2. Working on career choice
She resigned her graduate assistant job and her supervisor told her she thought that was a shame.
But Kitty did not consider going back or choosing another, similar job. For a while she just wanted to make money somewhere as a waitress while thinking about her next steps.
She was still young, so she had plenty of time to look.
Besides, she could always switch jobs!
Kitty really enjoyed her singing experience in Scotland.
She signed up for singing lessons and a theater orientation course. That course trained students to become drama therapists. That was one of the options that appealed to her. But she also thought about studying music.
She loved folk music and also considered learning to play the guitar, so she could accompany herself. Or maybe she could work on something to do with the environment.
3. Private
The boyfriend in Scotland was long gone. She was sad about that, but she realized that it was not realistic to keep in touch. She started going out a little more frequently in hopes to meet nice guys. It had become much easier for her to make contacts.
Kitty's case: How to make real choices?
Over the following few months, Kitty became aware of feeling a number of signals for the first time in her life, but she did not yet know exactly their significance. She experienced:
- Tensions in her body: cold sweats, trembling, headaches.
- Feelings of fear, uncertainty and also sometimes gloom.
- Feelings of pleasure, enjoying the outdoors, doing what she liked in Scotland, and especially, not thinking about her parents.
- Anxiety, feelings that she had to make choices.
That made her more aware:
- that she certainly had taken another step to becoming independent and being allowed to choose for herself, but not yet knowing how to do that.
- of her patterns: first doing what others expected of her, not daring to do and feel what she wanted and felt herself, wanting to be liked.
Through her adventures, Kitty learned to accept her own feelings. Together with her insights in her actions and choices, she realized that this was the basis for making her own choices instead of doing what other people wanted.
Selection process
Making choices can be seen as a multi-step process where the emphasis is on rational comparisons.
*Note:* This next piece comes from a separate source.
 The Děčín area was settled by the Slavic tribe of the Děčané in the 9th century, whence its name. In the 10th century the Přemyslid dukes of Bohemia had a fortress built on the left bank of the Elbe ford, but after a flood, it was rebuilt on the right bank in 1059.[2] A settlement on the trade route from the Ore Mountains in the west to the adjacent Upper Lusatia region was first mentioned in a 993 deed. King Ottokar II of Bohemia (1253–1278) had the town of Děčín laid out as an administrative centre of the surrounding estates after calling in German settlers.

This can be expressed through an eight-step process:
Step 1: Exploring your situation
Step 2: Exploring your goals and desires
Step 3: Exploring your capacities
Step 4: Exploring your interests
Step 5: Exploring study/work opportunities ... and alternatives
Step 6: Exploring alternatives
Step 7: Making choices
Step 8: Executing
We often see that gifted people make their choices as part of a search process, where they experience that they might run into barriers while just making logical choices. That is different from what they are used to. Exploring their own interests, motivations and feelings contribute more to making their choices.
Kitty wanted help with this, she was confused.
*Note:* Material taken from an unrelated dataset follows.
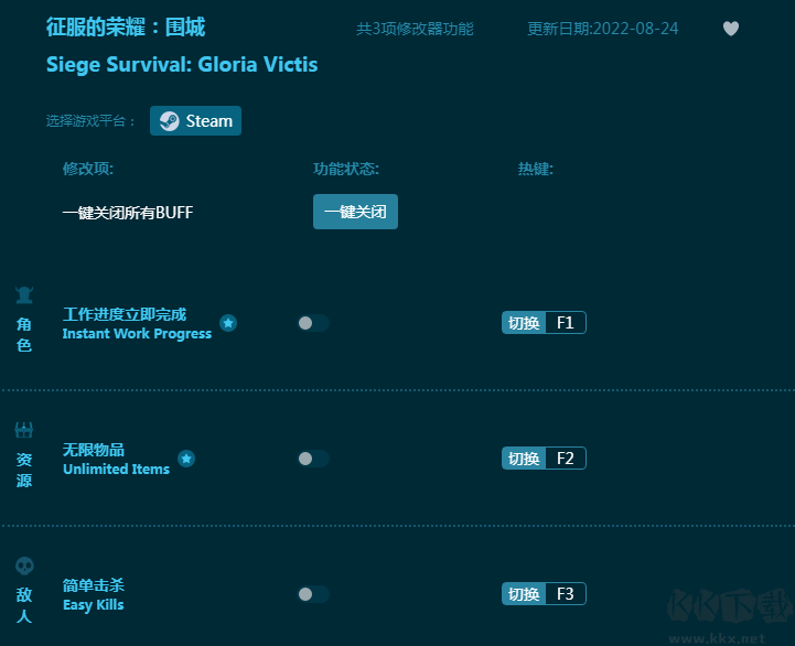 《征服的荣耀:围城》是一款中世纪风格的经营建造游戏,游戏中玩家要带领少数幸存者建立营地对抗侵略者!KK下载站提供《征服的荣耀:围城修改器》让玩家获得更多资源,更多人口,建造速度等等,让文明重建更快速,游戏体验更舒适!感兴趣的朋友不要错过,KK下载站推荐大家下载体验!

Kitty's case: Learning to choose
Kitty started seeing a psychologist who also counsels the gifted and coaches them in their selection process. This coach, proposed a series of ten appointments. Kitty thought that would be too much. In the past she would not have dared say anything.
But using the lessons she had learned about herself, she quietly proposed another plan. "How about we start with five conversations, and then after those five meetings we can see how far I have come and then determine how much I still need."
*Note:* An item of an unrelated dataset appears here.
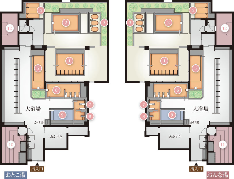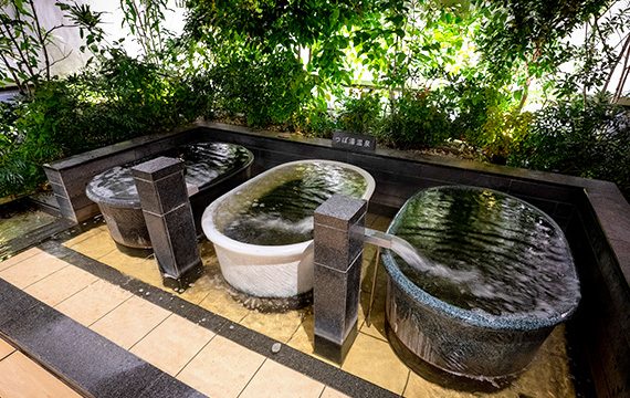 温泉は茶褐色のお風呂やテレビ付きの露天風呂など、多くの種類があります。

To Kitty's amazement, her coach thought this was a good idea!
Together with her coach she went back over the times she had made important choices in her life, what she did, thought and felt. What this showed was that Kitty especially enjoyed making music.
But in Scotland she also noticed that she sometimes could help a person who was down, because she was so good at listening.
Together with her coach, Kitty made a chart showing her strong points (her qualities) and her weaknesses.
Because gifted people have a strongly developed moral sense (own experiences of the authors and Jacobsen, 1999) the coach and Kitty wrote Kitty's value profile together.